Once you find the line with "陈寒松将起点定在浙江中路天津" in the data below, transcribe exactly each line from there to the line with "위 그림에서 프로세스가", inclusive, and nothing else. Drop the pictures.
+---+
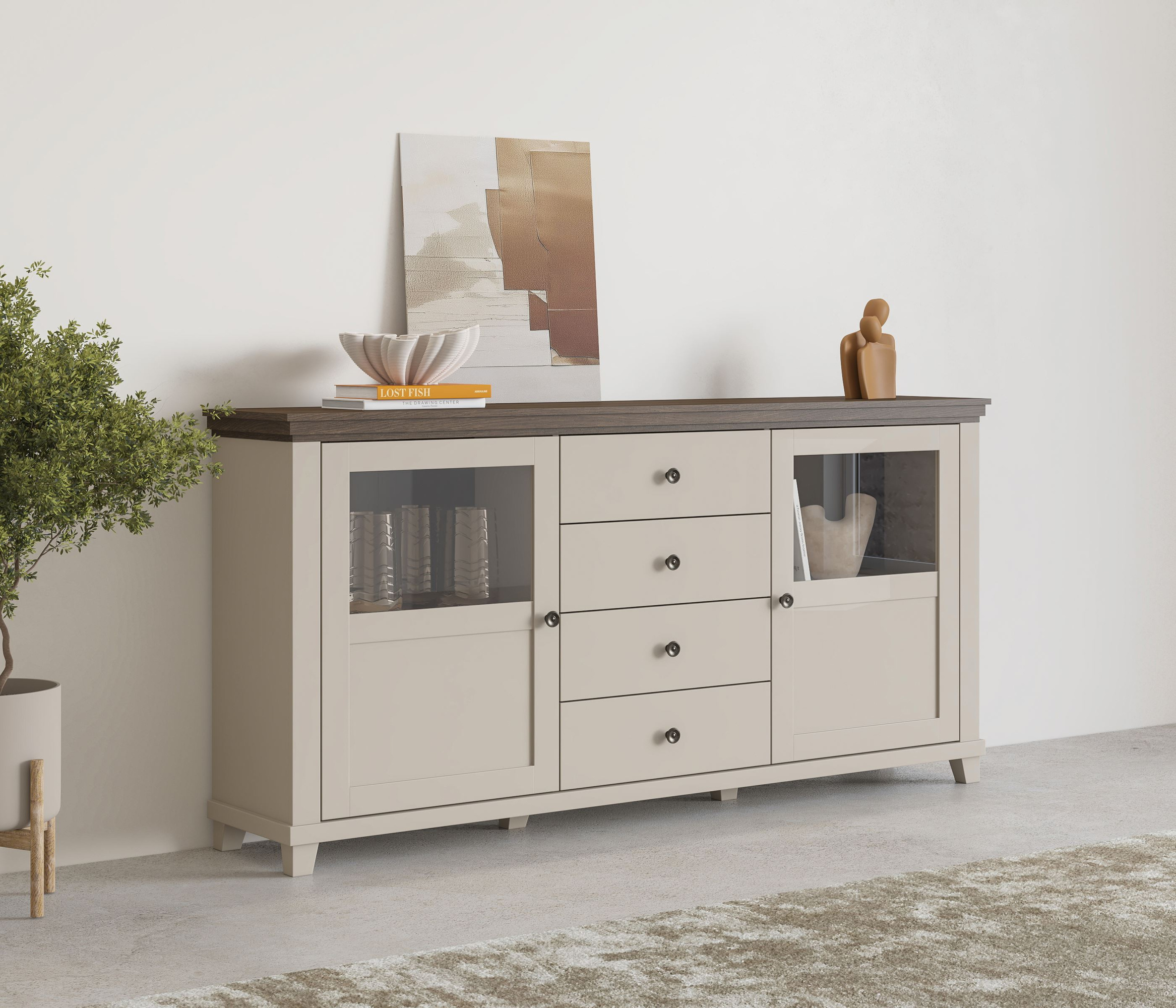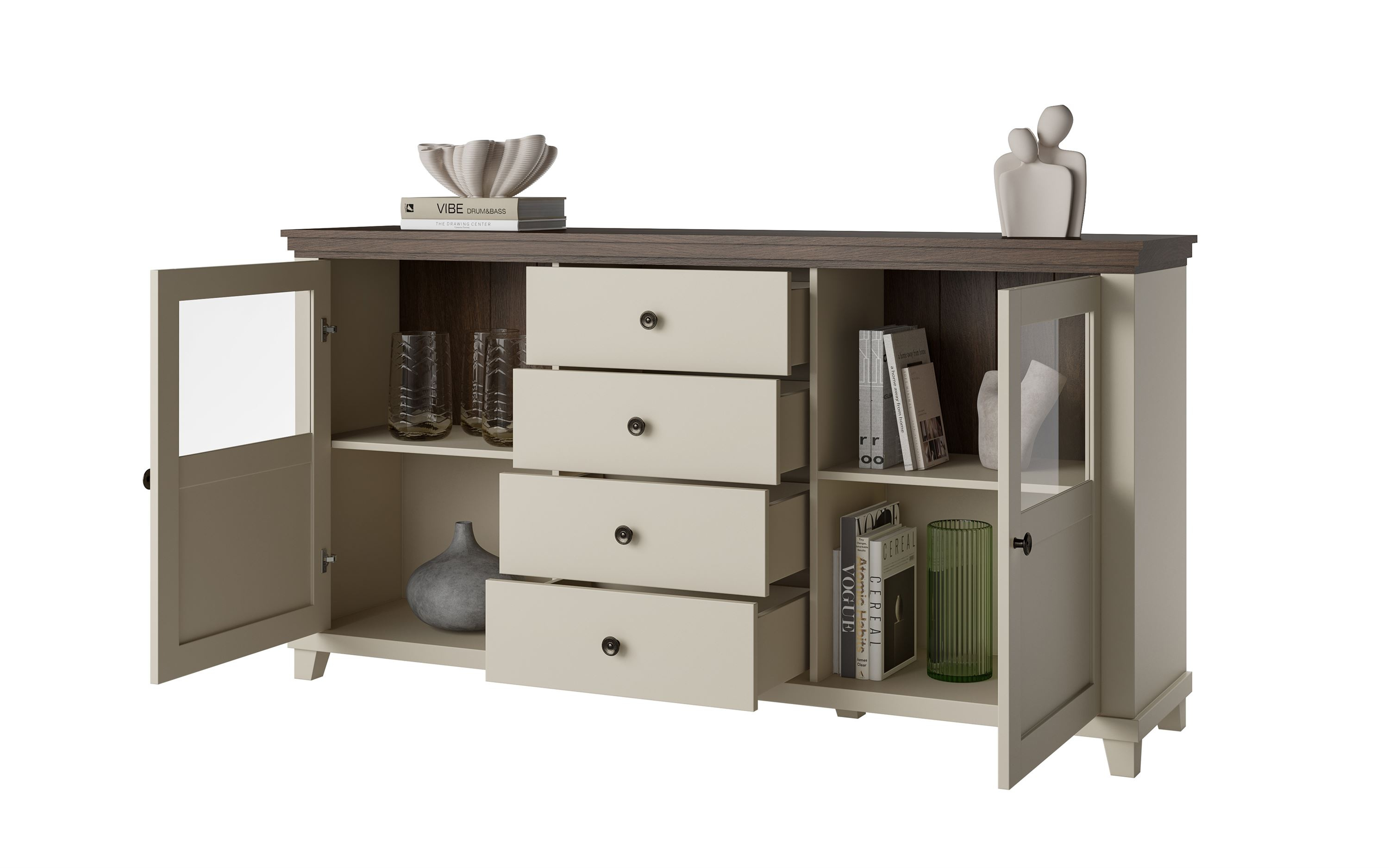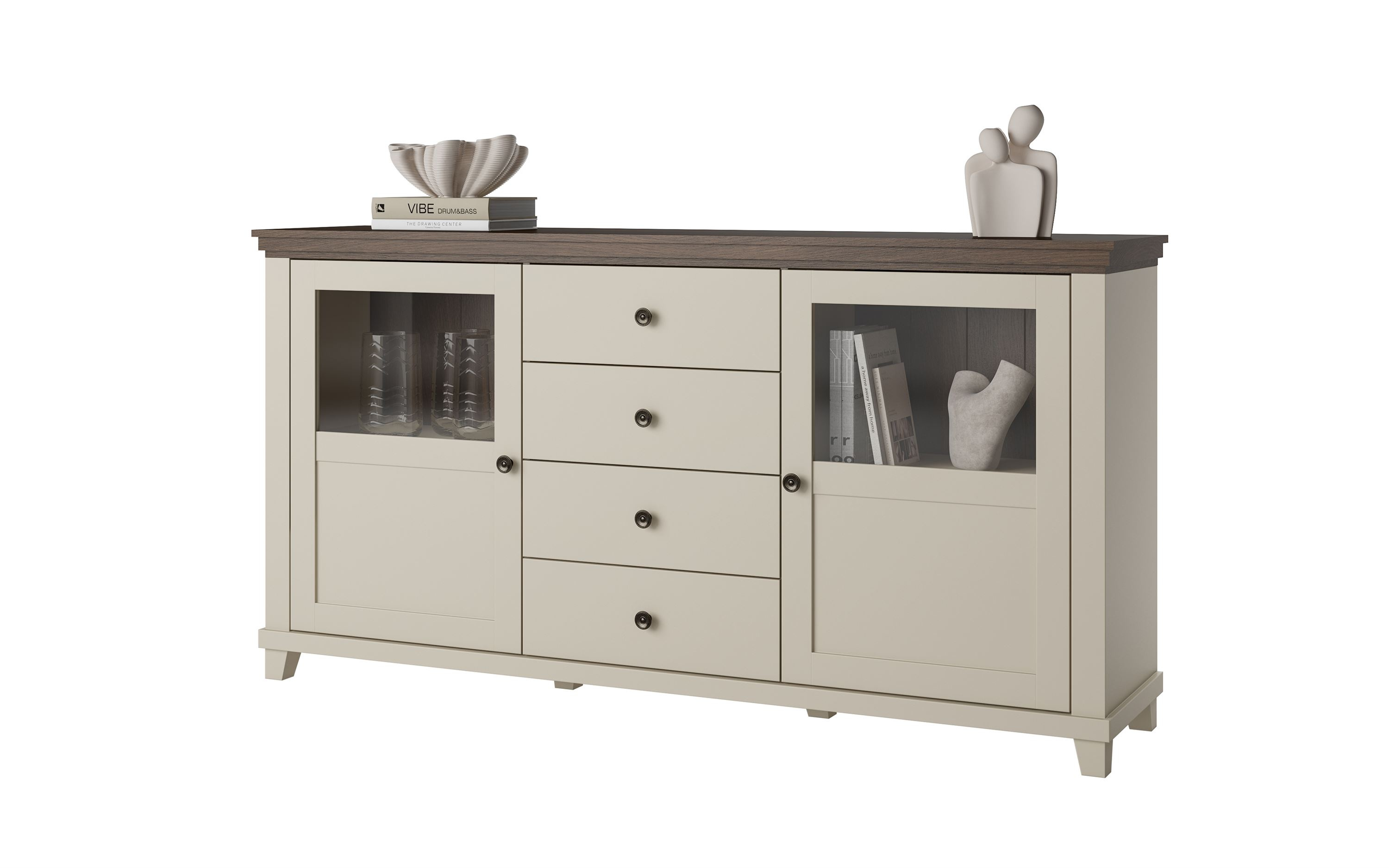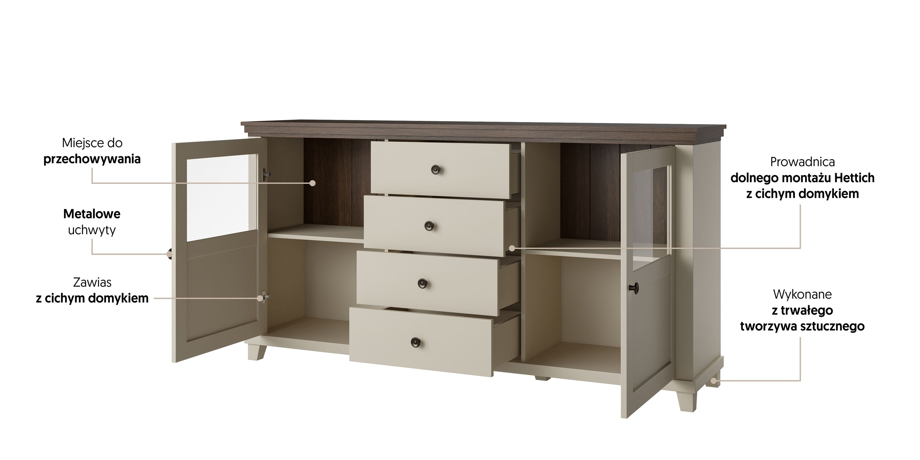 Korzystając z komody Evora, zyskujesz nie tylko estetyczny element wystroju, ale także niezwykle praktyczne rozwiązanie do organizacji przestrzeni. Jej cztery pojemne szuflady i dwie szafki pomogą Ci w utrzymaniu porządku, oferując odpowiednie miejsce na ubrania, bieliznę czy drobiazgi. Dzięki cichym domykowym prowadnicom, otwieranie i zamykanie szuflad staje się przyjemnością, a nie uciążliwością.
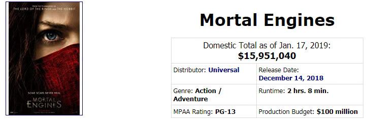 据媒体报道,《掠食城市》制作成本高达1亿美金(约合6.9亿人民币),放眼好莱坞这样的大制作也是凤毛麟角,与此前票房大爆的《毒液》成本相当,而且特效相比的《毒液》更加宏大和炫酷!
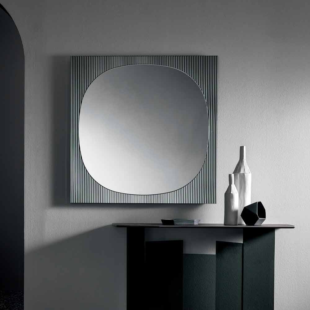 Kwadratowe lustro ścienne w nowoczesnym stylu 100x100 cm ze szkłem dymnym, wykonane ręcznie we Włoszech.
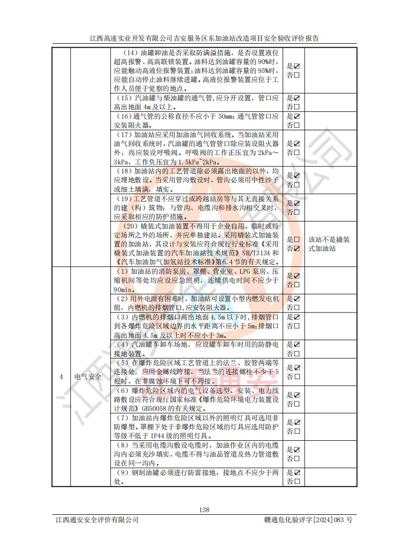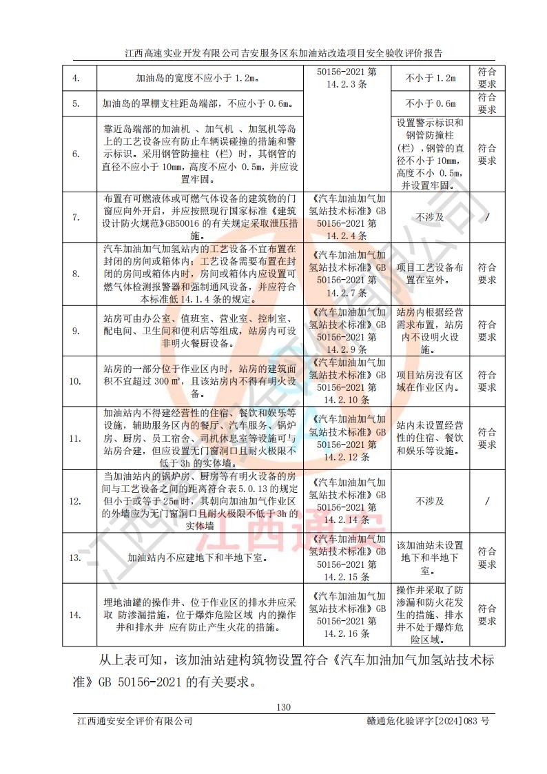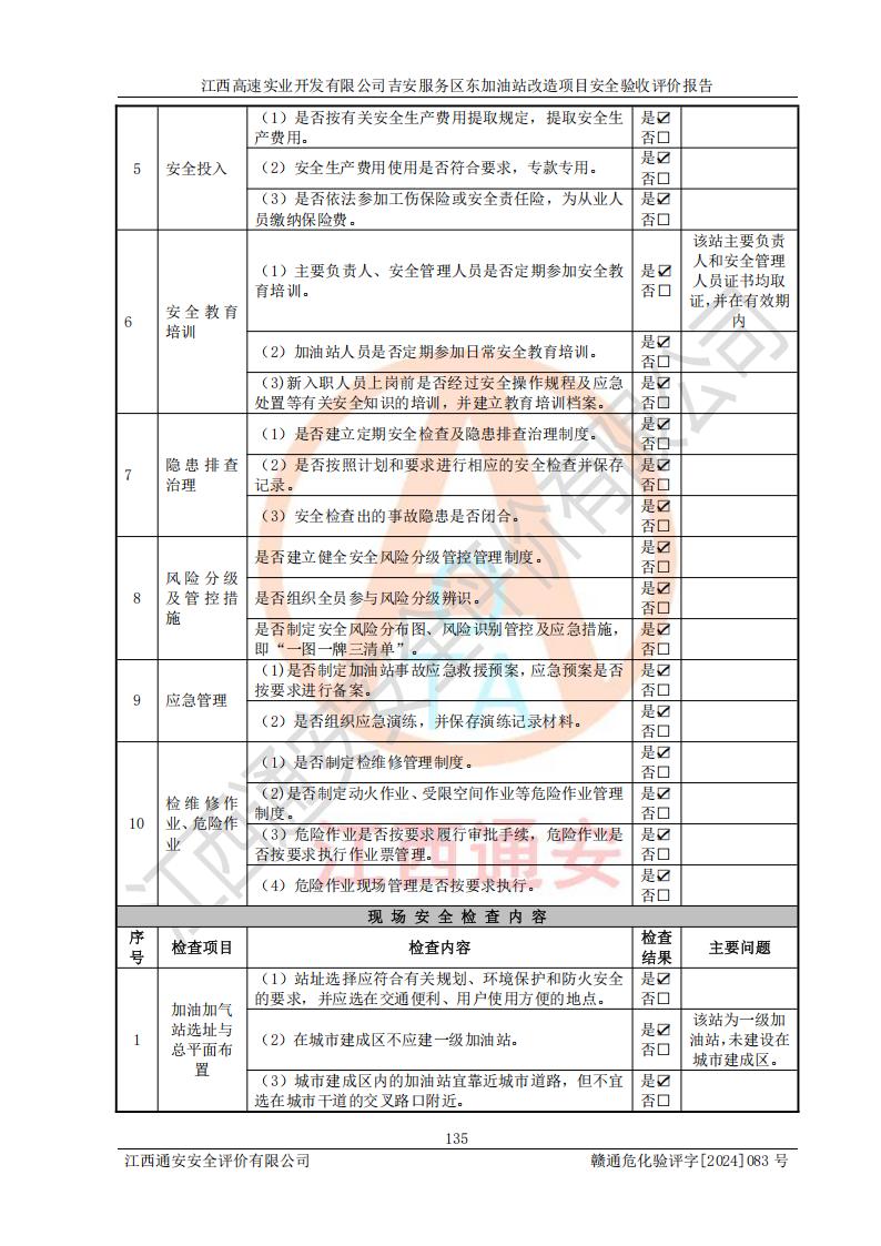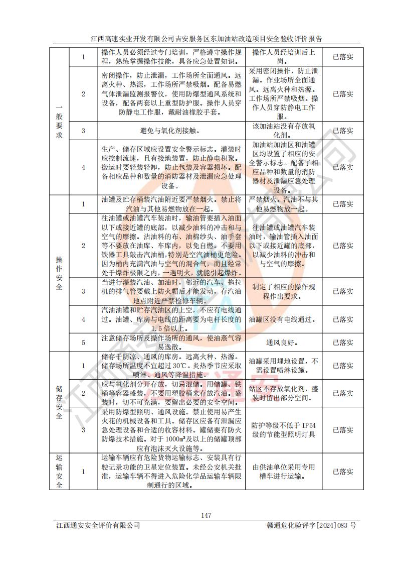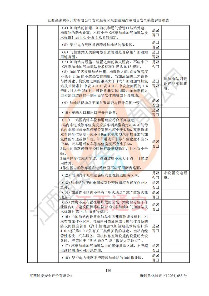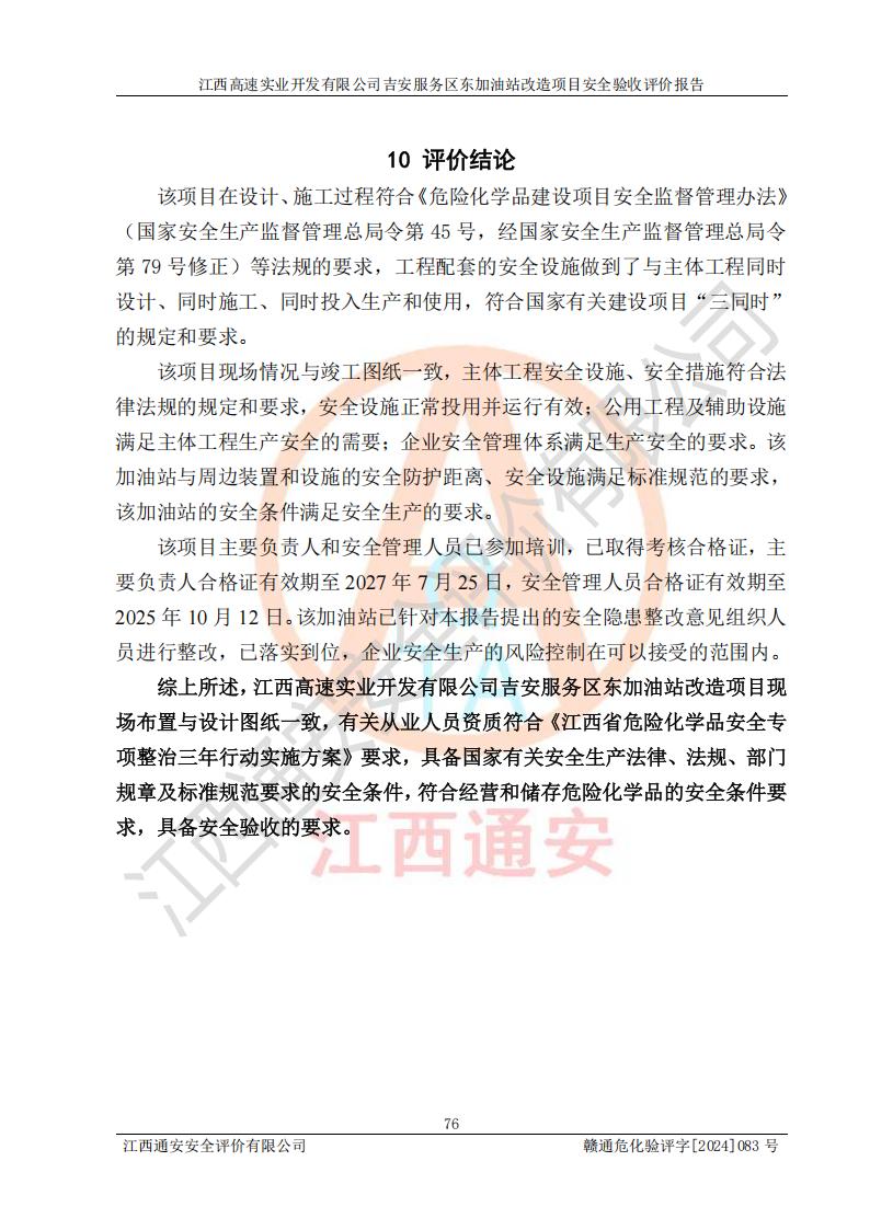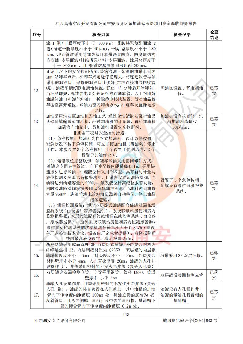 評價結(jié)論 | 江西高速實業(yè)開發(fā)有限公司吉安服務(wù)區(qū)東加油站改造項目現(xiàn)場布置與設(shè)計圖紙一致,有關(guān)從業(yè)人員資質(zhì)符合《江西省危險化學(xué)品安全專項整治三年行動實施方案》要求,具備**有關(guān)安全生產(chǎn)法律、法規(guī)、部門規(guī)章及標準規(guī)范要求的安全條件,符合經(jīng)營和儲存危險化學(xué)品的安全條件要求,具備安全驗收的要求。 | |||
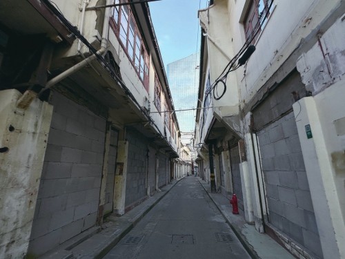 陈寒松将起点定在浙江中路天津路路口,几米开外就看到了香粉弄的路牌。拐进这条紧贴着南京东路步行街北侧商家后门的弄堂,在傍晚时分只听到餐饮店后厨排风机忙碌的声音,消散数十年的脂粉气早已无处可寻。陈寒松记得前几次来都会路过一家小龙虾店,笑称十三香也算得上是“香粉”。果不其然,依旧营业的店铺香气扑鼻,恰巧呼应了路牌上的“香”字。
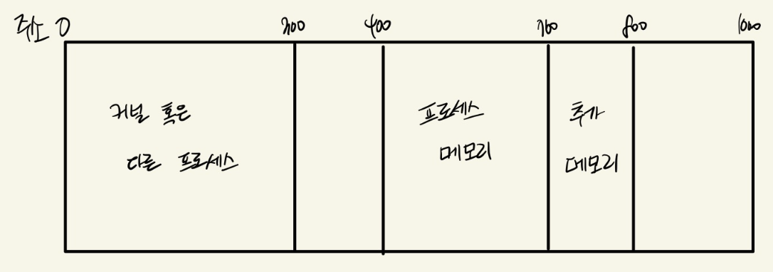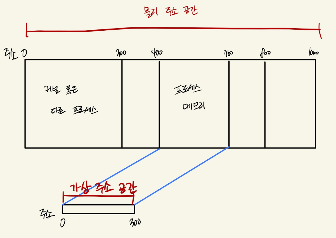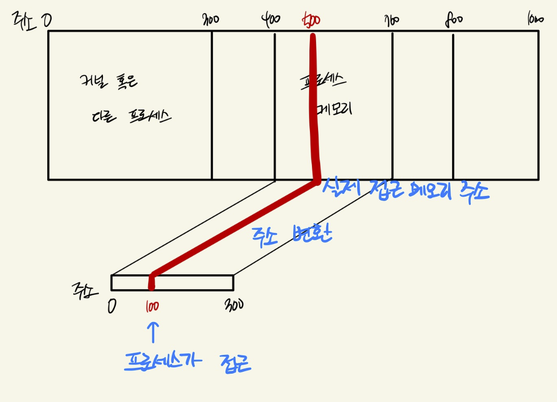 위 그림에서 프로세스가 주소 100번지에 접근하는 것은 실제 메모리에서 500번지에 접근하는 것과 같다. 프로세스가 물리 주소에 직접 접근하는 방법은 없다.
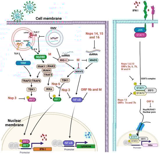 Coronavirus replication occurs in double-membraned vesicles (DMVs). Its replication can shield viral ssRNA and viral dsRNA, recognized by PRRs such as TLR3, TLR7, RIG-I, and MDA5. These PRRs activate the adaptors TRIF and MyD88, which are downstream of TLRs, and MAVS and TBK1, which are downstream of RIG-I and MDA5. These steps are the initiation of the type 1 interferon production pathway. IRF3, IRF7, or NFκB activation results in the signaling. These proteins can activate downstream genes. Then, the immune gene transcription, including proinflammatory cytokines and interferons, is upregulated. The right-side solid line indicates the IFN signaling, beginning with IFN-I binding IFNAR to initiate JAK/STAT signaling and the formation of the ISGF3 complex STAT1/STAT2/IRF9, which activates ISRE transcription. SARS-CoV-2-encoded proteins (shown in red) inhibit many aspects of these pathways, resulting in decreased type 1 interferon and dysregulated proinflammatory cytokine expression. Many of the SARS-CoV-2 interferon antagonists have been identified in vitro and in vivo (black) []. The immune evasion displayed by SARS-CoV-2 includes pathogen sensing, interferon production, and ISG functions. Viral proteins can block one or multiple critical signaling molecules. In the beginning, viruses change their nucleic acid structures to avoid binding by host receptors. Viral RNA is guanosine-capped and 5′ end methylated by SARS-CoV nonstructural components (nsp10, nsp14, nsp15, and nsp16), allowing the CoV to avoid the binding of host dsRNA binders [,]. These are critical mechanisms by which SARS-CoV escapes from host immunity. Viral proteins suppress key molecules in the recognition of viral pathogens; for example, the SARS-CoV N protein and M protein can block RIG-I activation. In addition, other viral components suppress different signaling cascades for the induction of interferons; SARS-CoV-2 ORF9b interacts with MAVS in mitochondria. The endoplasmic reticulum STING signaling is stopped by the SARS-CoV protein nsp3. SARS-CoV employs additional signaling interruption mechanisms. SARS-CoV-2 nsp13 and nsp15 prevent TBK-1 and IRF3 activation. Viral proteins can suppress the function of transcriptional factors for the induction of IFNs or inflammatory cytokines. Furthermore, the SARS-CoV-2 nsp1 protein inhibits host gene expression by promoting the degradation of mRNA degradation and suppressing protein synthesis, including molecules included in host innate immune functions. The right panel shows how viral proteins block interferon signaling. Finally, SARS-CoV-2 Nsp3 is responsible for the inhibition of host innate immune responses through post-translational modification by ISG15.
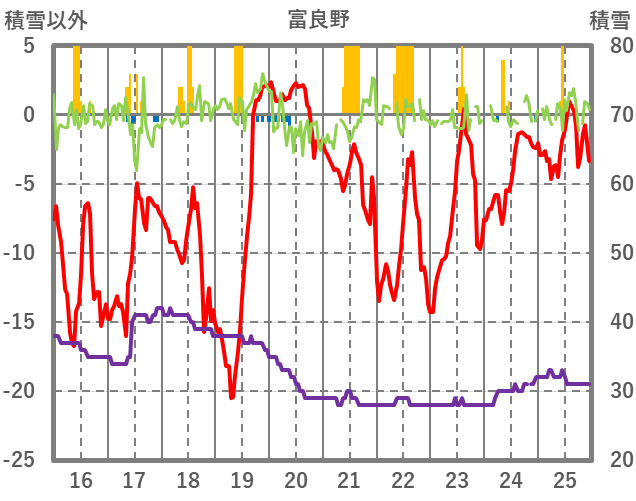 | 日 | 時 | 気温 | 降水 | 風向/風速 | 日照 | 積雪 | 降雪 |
+---+
→ **Exercise solution**:
 陈寒松将起点定在浙江中路天津路路口,几米开外就看到了香粉弄的路牌。拐进这条紧贴着南京东路步行街北侧商家后门的弄堂,在傍晚时分只听到餐饮店后厨排风机忙碌的声音,消散数十年的脂粉气早已无处可寻。陈寒松记得前几次来都会路过一家小龙虾店,笑称十三香也算得上是“香粉”。果不其然,依旧营业的店铺香气扑鼻,恰巧呼应了路牌上的“香”字。
 위 그림에서 프로세스가 주소 100번지에 접근하는 것은 실제 메모리에서 500번지에 접근하는 것과 같다. 프로세스가 물리 주소에 직접 접근하는 방법은 없다.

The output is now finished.